Bogota’s Teatro Mayor celebrating 10th anniversary with digital focus
By Jaime Ortega Carrascal
Bogota, May 25 (efe-epa).- The Teatro Mayor Julio Mario Santo Domingo, an iconic theatrical venue in Latin America for its artistic quality and management model inspired by the Gran Teatro del Liceu in Barcelona, is celebrating its 10th anniversary with a digital focus to keep cultural offerings alive in Bogota, Colombia, despite the coronavirus pandemic.
Since it opened on May 26, 2010, the Teatro Mayor has offered 1,536 events at which 35,063 artists with 957 companies from 66 countries took part.
Across its stages have passed the Vienna Philharmonic Orchestra and the London Symphony; conductors Zubin Mehta, Gustavo Dudamel and Valery Gergiev leading the Mariinsky Orchestra; Spain’s National Ballet; great pianists and soloists; opera and dance companies; as well as great singers such as Brazil’s Gilberto Gil, Cuba’s Omara Portuondo and Cape Verdean Cesaria Evora, among many others.
“The Teatro Mayor has transformed itself into one of the most important stages in Latin America for its excellent programming in which the world’s and Colombia’s best artists perform,” theater director Ramiro Osorio, who has headed the Bogota venue since its inception, told EFE.
Osorio emphasized the theater’s public-private management model in which the Bogota City Hall and the Santo Domingo family participate as patrons of a venue that, he said, “has enriched the lives of more than 19 million people.”
That figure includes the number of people who have attended events and performances in the theater’s two halls, used the Digital Theater and Teatropedia online platforms or watched broadcasts on Canal Capital, Bogota’s public television network.

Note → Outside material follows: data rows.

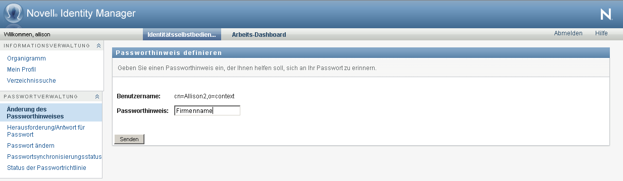 Die Seite „Passworthinweisdefinition“ wird angezeigt:
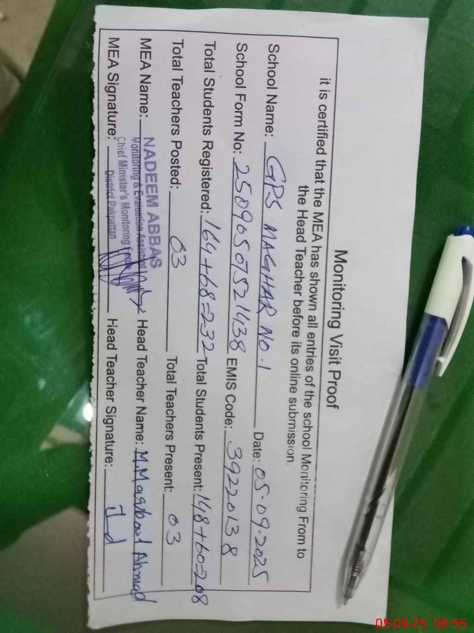 | EMIS Code: 39220138 | Name of School: GPS MAGHER NO. 1 | |||
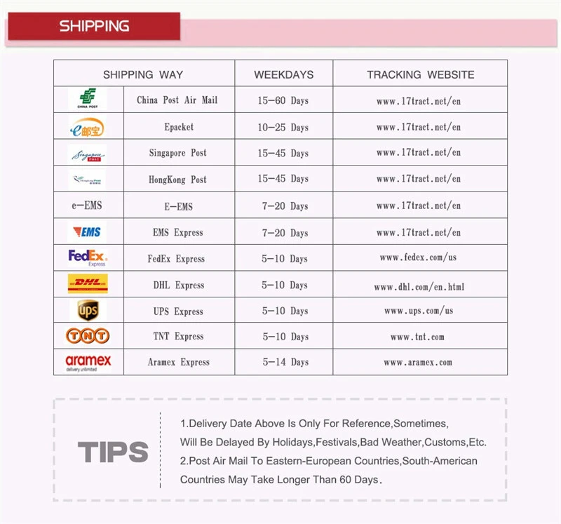 Packages from our warehouse in China will be shipped by ePacket or EMS depending on the weight and size of the product. Packages shipped from our US warehouse are shipped through USPS.
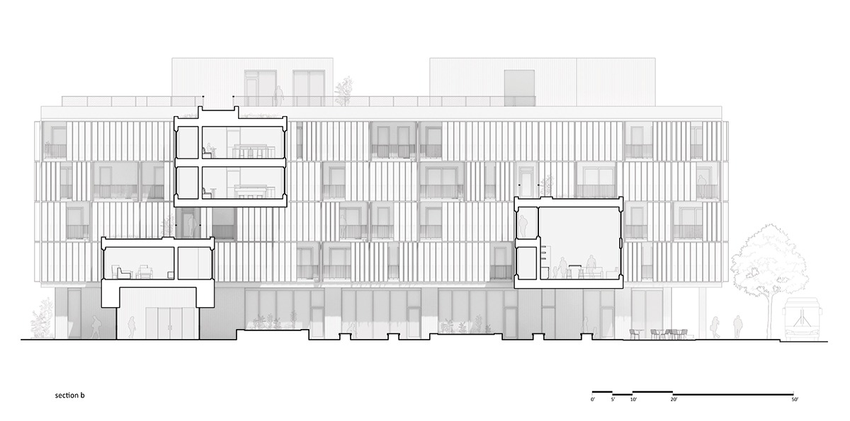 The building’s massing is carefully articulated through carving and strategic openings, allowing visual connections to emerge between interior and exterior spaces. These calibrated sightlines enhance a sense of openness while maintaining moments of privacy. Above, a diverse mix of residential units supports an inclusive community, accommodating a range of lifestyles and needs. Outdoor spaces on upper levels extend toward the adjacent soccer field, offering residents access to light, air, and views. These elevated terraces foster both quiet retreat and social connection, strengthening the relationship between the building and its surrounding landscape.

“In 2008, the co-managers commissioned a study of what the best practices for administering and managing theaters around the world were, and it concluded that the best practice was that of Barcelona’s Liceu, the budget of which is 51 percent public and 49 percent from self-generated resources and sponsors,” he said about the model that was selected.

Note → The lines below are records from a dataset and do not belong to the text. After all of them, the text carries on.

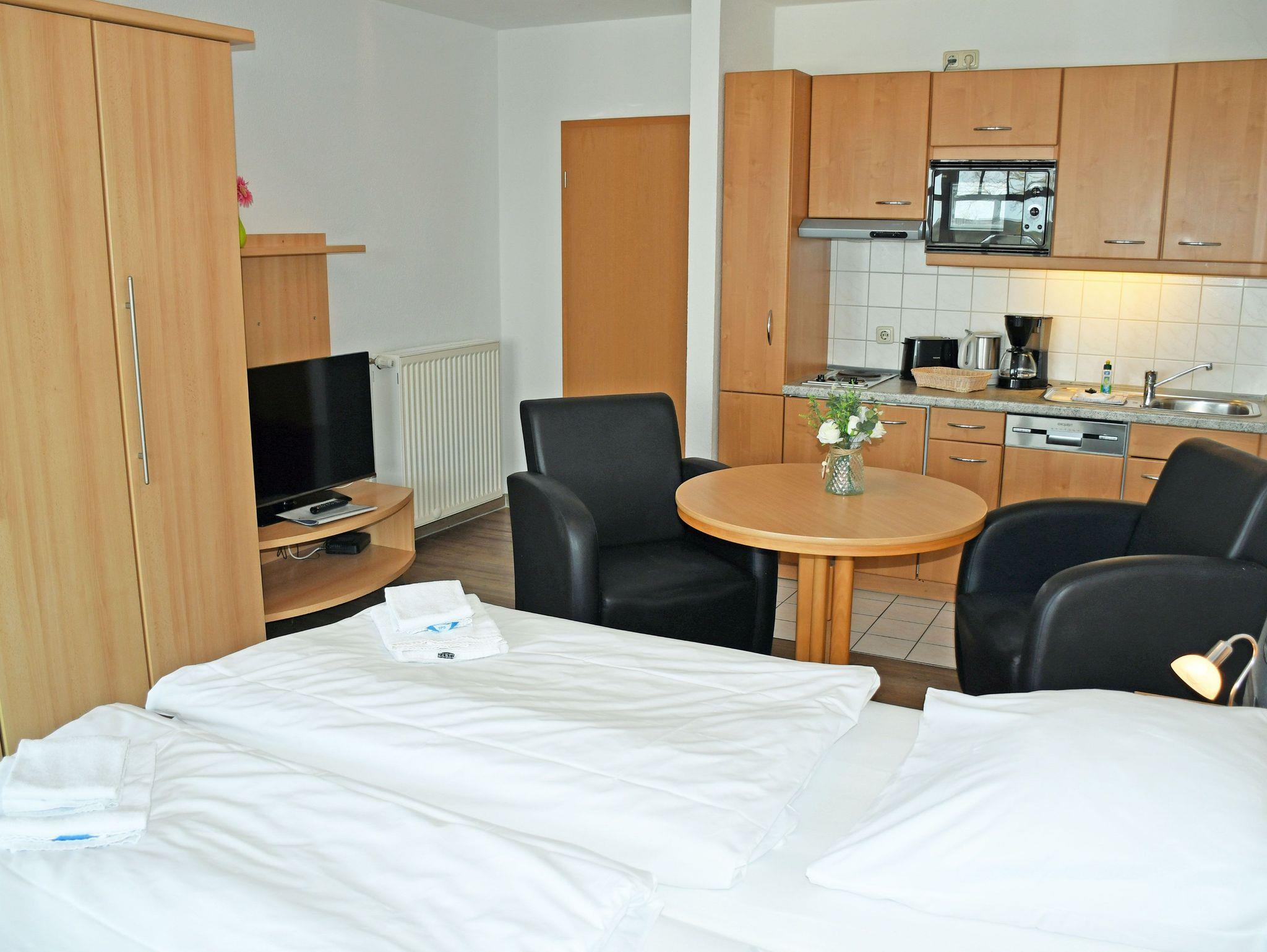 Unsere ruhig gelegenen, hellen und lichtdurchfluteten 1-Raum-Ferienwohnungen mit Balkon oder Terrasse sind wie folgt ausgestattet:
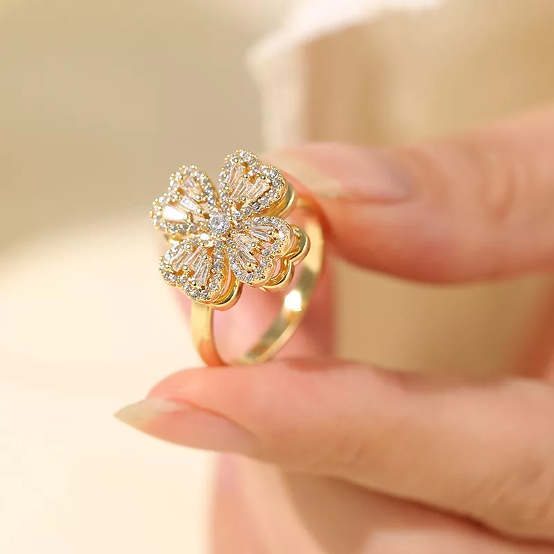 Colorfast rotating four-leaf clover ring for women, cross-border luxury niche design, high-end ring jewelry Colorfast rotating four-leaf clover ring for women, cross-border luxury niche design, high-end ring jewelry
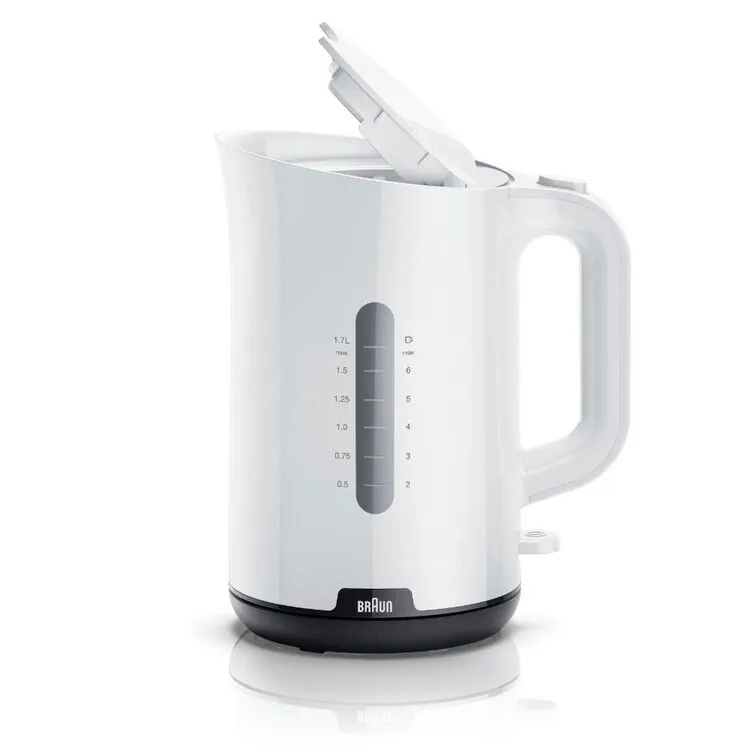 The Braun Breakfast 1 Kettle is a quick and easy way to boil water for a cup of coffee or tea in the morning. Boil 200 mL of water immediately in just 45 seconds with the fast boiling system. A wide front opening makes it easy to fill from the tap and auto-off is initiated when the temperature is reached for convenience.
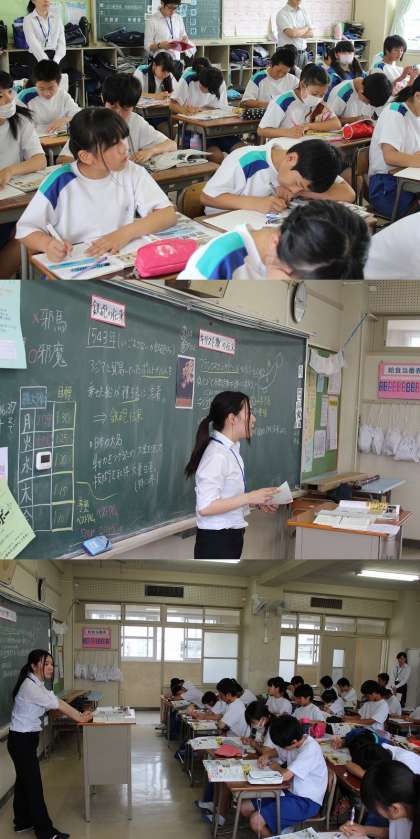 教育実習生研究授業〈2年4組 社会〉 公開日 2014/06/18 更新日 2014/06/18 学校だより 2年4組で、教育実習生の大野先生が、社会の研究授業を行いました。生徒の興味・関心を高めようと工夫していました。
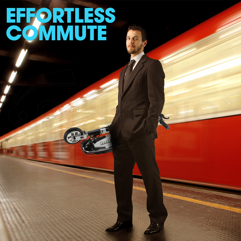 With a tough frame that combines aluminium and high-tensile steel riders of up to 80kg can be accommodated. You can customise the to your requirements thanks to the quick-release height-adjustable handlebars.

With Barcelona in mind, Osorio was tasked with “designing a similar model” at the Teatro Mayor where “15 percent of the budget is contributed by the City Hall and another 25 percent … by the Santo Domingo family,” while “28 or 30 percent is from ticket sales, goods and services and the remaining 20 percent from sponsoring companies, including international cooperation,” he said.
“What is hopeful about this model is that is has many sources of resources, it doesn’t depend on just one,” Osorio said, adding that due to the paralysis of Colombian cultural life amid the quarantine to contain the Covid-19 pandemic the theater has resorted to various technologies so it would not have to definitively bring down the curtain.
The latest event physically held at the theater was on March 15 and up until that point the Teatro Mayor had achieved 49 percent of its annual goal for ticket receipts, renting the halls and other services.
“A house like this one can’t stop, you have to accommodate the times and you have to take advantage of technologies and make that experience as rich as possible,” Osorio said.
He went on to say that the situation caused by the pandemic puts the world of culture “in a zone of reviewing everything and seeing where there are strengths and vulnerabilities, but in a brutal way.”
On that last point, the Teatro Mayor has an advantage and it has not been a matter of experimenting but rather applying technological developments that were implanted five years ago to take its artistic offerings out beyond the theater itself.
“We’re seeing that we had great foresight, a great deal of vision with the issue of technology and since 2015 we’ve had two powerful digital platforms, the Digital Theater and Teatropedia, which have given us a presence in society like no other Colombian institution,” Osorio said.
Thanks to that experience and to its production capacity, the theater could “react immediately” to “this phase that’s continuing, during which surely we’re not going to be able to return to normal public life for several months” where more than 1,300 people could attend events in the main hall and 320 in the other one.
“But we’re certainly ready so that – at the time we can start to bring artists in and produce the shows – we’ll be able to do it with or without the public and we’ll transmit them via the online platform. We’ve got, more or less, 80 shows prepared for the rest of the year,” he said.
During the 10th anniversary celebration, for instance, which began on Monday with a two-day artistic marathon, the theater plans to rebroadcast the best performances on its stages.
The selection of shows includes the Chilean group Los Fi, Colombian band Monsieur Perine with the Bogota Philharmonic Orchestra, French dance company Celui qui tombe, the opera “The Barber of Seville” in coproduction with the Opera of Colombia, and Germany’s Stuttgart BachAkademie.